_WORK ITEM_: When you reach the line below that has "3月28日下午区委组织部、区", start returning lines exactly, and stop after the line that has "Benjamin Vautier (1829-1898), op"; skip the pictures.

_INFORMATION SUPPLIED_:
※ ※ ※

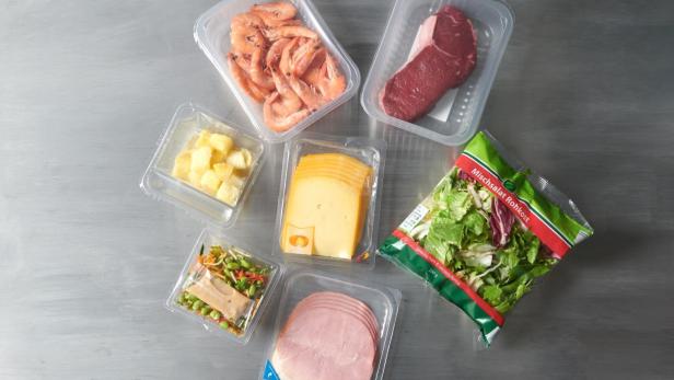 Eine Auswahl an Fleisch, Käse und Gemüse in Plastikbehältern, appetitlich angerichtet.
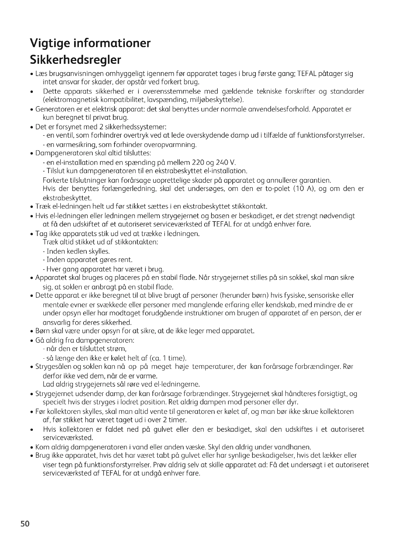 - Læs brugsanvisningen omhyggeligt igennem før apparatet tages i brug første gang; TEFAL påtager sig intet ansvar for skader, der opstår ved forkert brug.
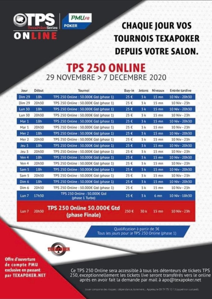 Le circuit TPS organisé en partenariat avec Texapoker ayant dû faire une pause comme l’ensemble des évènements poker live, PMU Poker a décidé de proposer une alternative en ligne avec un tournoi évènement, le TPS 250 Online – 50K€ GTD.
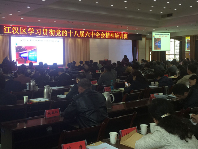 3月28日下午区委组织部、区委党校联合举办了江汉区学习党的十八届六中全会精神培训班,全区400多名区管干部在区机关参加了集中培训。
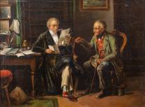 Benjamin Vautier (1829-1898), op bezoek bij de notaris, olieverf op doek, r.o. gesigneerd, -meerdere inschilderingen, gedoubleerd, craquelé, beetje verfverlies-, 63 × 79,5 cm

※ ※ ※

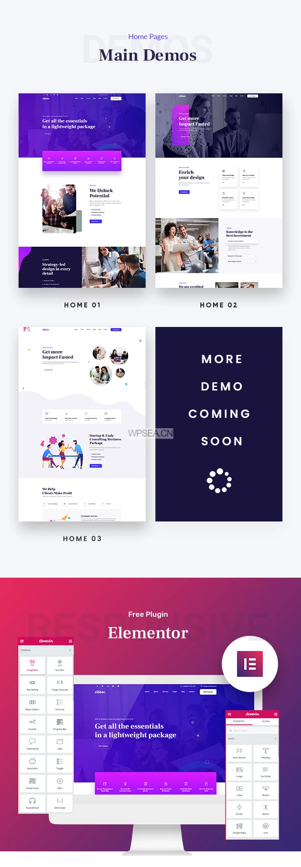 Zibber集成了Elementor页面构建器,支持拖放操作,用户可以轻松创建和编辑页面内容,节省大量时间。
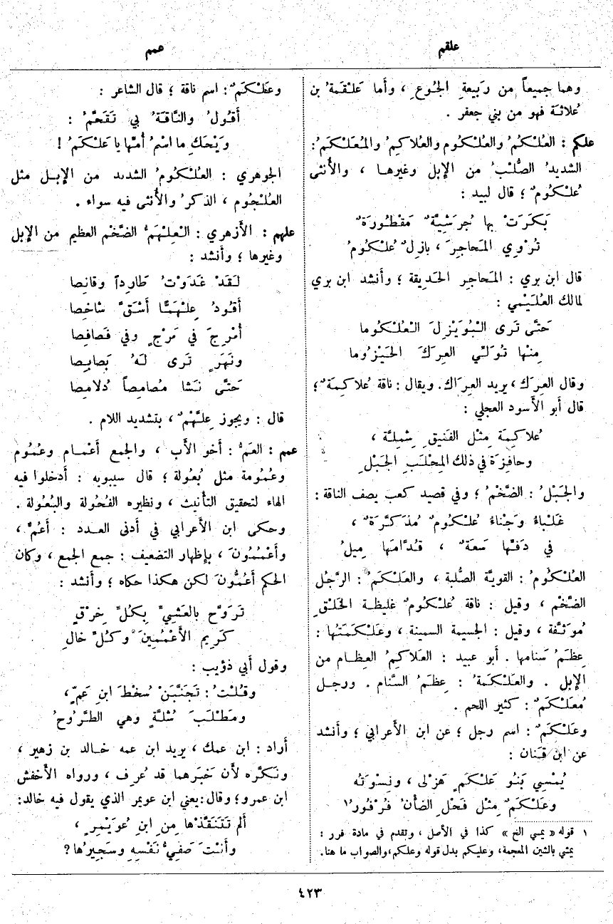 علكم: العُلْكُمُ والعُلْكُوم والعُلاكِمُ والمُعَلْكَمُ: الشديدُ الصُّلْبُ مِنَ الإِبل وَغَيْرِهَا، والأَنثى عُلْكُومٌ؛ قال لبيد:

※ ※ ※

_TASK RESULT_:
 3月28日下午区委组织部、区委党校联合举办了江汉区学习党的十八届六中全会精神培训班,全区400多名区管干部在区机关参加了集中培训。
 Benjamin Vautier (1829-1898), op bezoek bij de notaris, olieverf op doek, r.o. gesigneerd, -meerdere inschilderingen, gedoubleerd, craquelé, beetje verfverlies-, 63 × 79,5 cm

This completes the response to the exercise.